## Directions for this task:
The part below that opens with the line containing "4217 O imageAirmail, 1932, handstamped" and closes with the line containing "Thank You Letter Practice" should be copied exactly, minus any pictures.

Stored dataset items

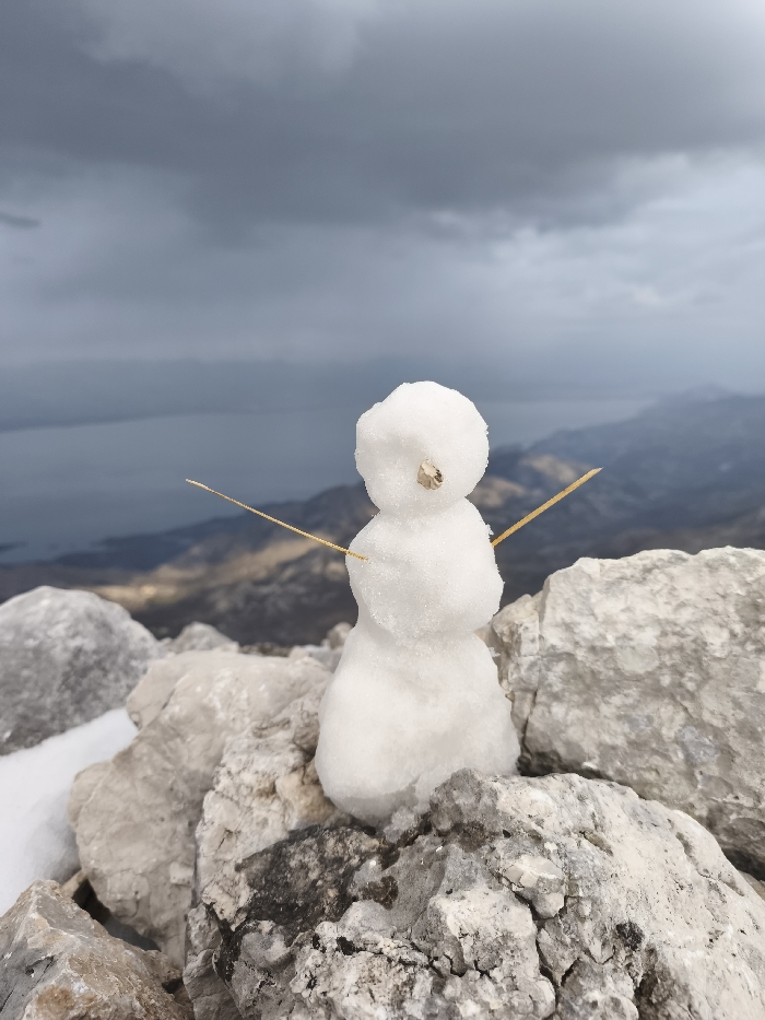 In Mali Mikulići, Montenegro, a small, three-tiered snowman stands on a pile of diverse light-colored rocks in the foreground. The snowman, composed of stacked snowballs, features a single light-toned object as a facial element on its topmost sphere, and two thin, golden-brown linear elements protrude horizontally from its middle sphere, simulating arms. Patches of natural snow are visible on some of the rocks to the left of the snowman. In the midground, a vast body of dark water, likely a bay or lake, is visible below distant, rugged mountain ranges that recede into the horizon. The background is dominated by a heavily overcast sky with dense, dark grey clouds. The scene is illuminated by diffused natural light, indicative of a cloudy day.
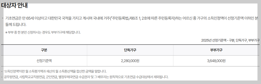 - 거주 요건: 한국에 거주하는 만 65세 이상의 노인이 해당합니다.
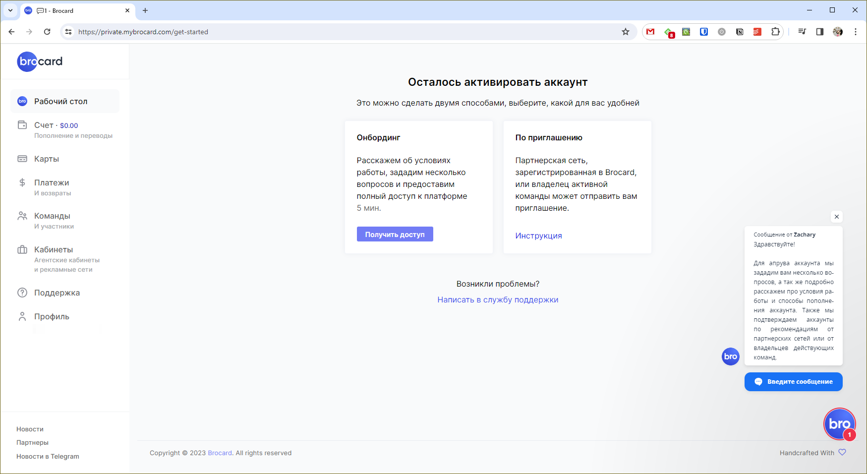 Но пользоваться сразу MyBrocard не получится. Предварительно нужно пройти онбординг, либо перейти в сервис по приглашению другого пользователя.
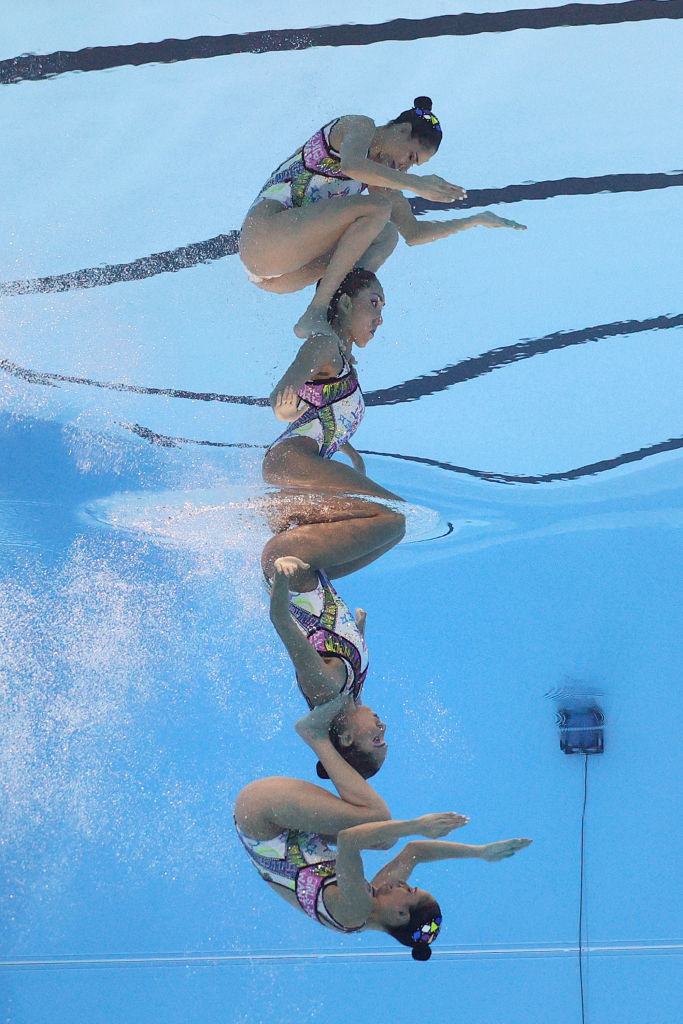Η κινεζική ομάδα καλλιτεχνικής κολύμβησης συνελήφθη από τον φακό σε κυκλική διάταξη, σφιχταγκαλιασμένη και ενωμένη χέρι με χέρι – δυναμική «χορογραφία» που υμνεί το «εμείς»
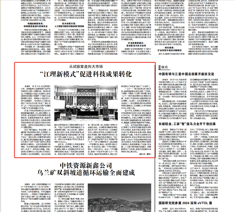 将更加瞄准国家战略和行业需求,紧密对接江西省“1269”行动计划,聚焦有色金属、钢铁、新能源重点产业链,不断深化成果转化机制体制改革,落实江西省科技委协同推进“1+M+N”科技成果转移转化服务体系要求,积极探索成果转化新路径新模式,促进创新链、产业链、资金链、人才链与教育链深度融合,贡献新质生产力发展,推进科技创新和成果转化再上新台阶。
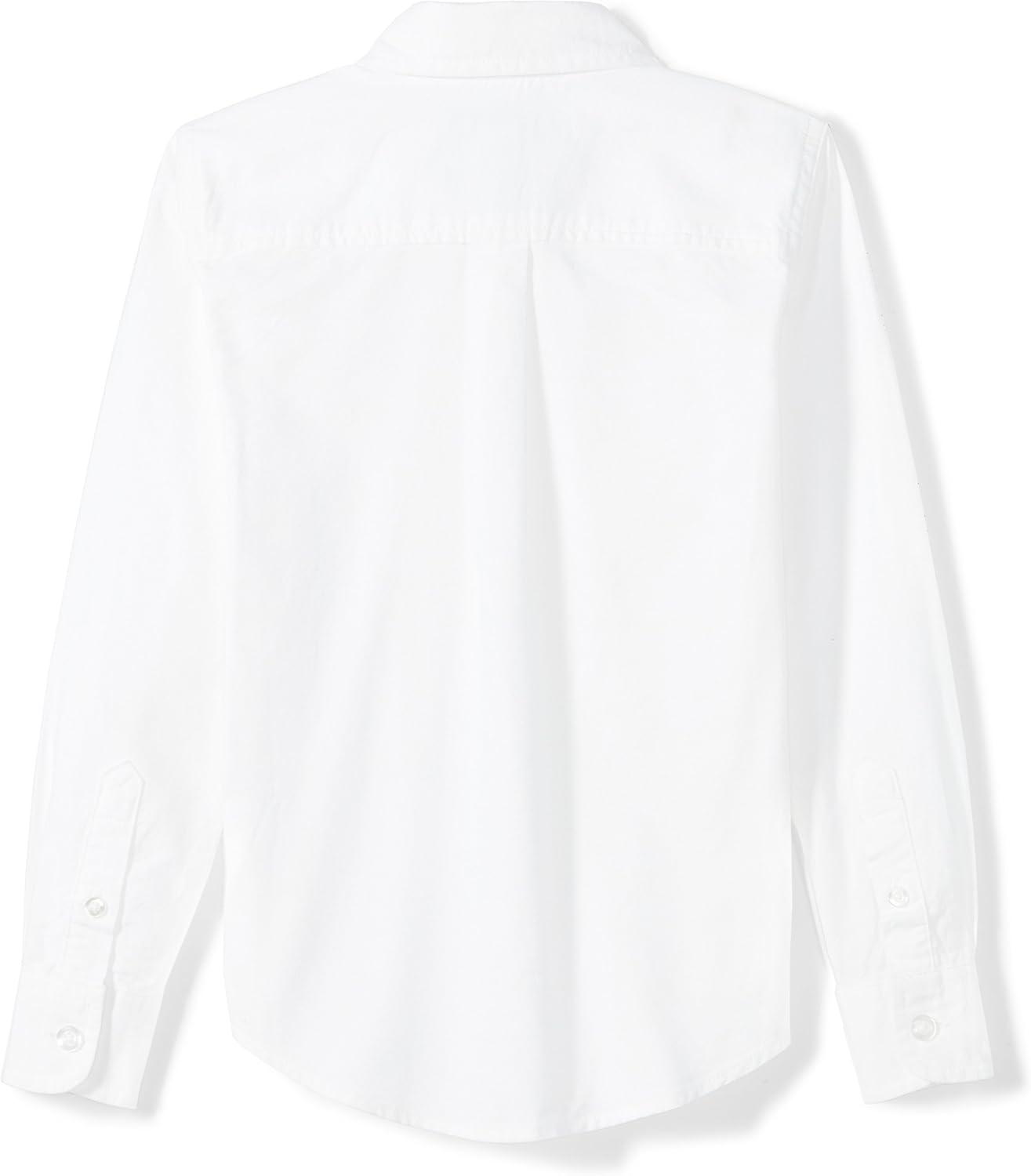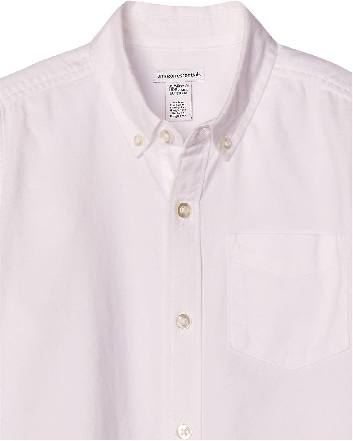 Amazon Essentials Boys' Uniform Classic Fit Long-Sleeve Woven Oxford Shirt(White)
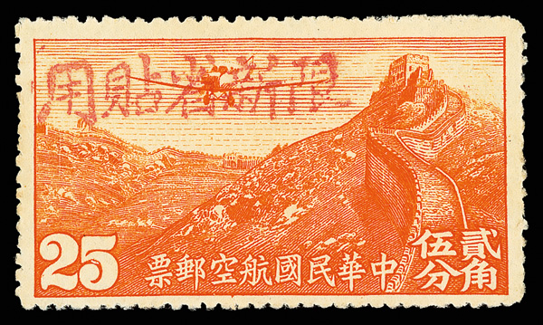 4217 O imageAirmail, 1932, handstamped on Reaper, 30¢ deep brown purple (Chan PSA4. Scott C4), attractively centered with bold color and cleanly struck bilingual cancel, Very Fine, scarce. Scott $990 (HK$ 7,620). (Image1) (Image2) (All Images)
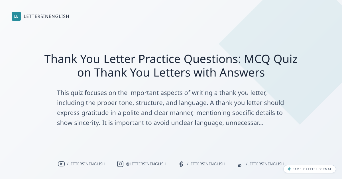 Thank You Letter Practice Questions: MCQ Quiz on Thank You Letters with Answers
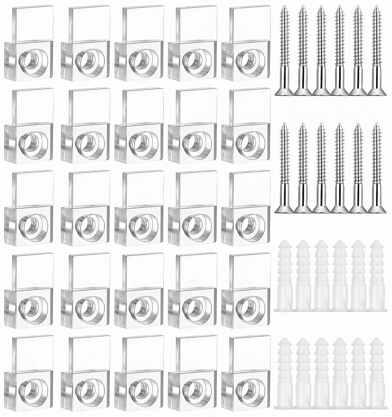 Mirror Holder, ValueBargain 40 Pack Mirror Mounting Clips Wall Installation Clear Plastic Clips for Easy Installation, Suitable for Heavy Duty Glass Hanging and Secure Fastening
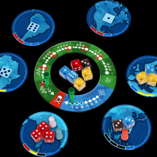 Pandemic: The Cure is a stand alone, dice-based version of classic cooperative Pandemic board game. Just like the original, you win or lose together as your team travels the globe treating diseases and keeping hot spots in check while researching cures. In this version, though, rolling dice determines everything from the outcome of your actions to the behavior of diseases. Each character has both a unique ability and a set of dice you roll at the start of each turn. Depending on the results, you can fly or sail between population centers, treat diseases in your region, collect samples for further study, or exchange information with other players. Try for the perfect turn by rerolling your unused dice, but each biohazard symbol that comes up brings you one step closer to the next epidemic.
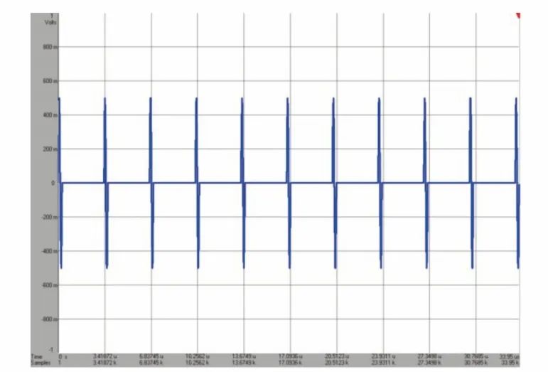 采用9.6節(jié)的方法測試時基線性所用的設(shè)備與8.7節(jié)的一致,但需信號發(fā)生器能導(dǎo)出11個等間距的正弦波脈沖串。使用任意函數(shù)信號發(fā)生器自帶的編程軟件編輯出11個等間距的正弦波,如圖2所示,中心頻率為3.57 MHz。考察超聲儀在100~200 mm間時基線性的準確性,規(guī)定正弦波自身長度為0.28 μs,任意兩個相鄰正弦波間隔3.087 μs。將該正弦波串導(dǎo)入信號發(fā)生器,仍采用圖1的儀器配置方式,超聲儀參數(shù)的設(shè)置方法與8.7節(jié)的方法一致。

## Solution to the exercise:
 4217 O imageAirmail, 1932, handstamped on Reaper, 30¢ deep brown purple (Chan PSA4. Scott C4), attractively centered with bold color and cleanly struck bilingual cancel, Very Fine, scarce. Scott $990 (HK$ 7,620). (Image1) (Image2) (All Images)
 Thank You Letter Practice Questions: MCQ Quiz on Thank You Letters with Answers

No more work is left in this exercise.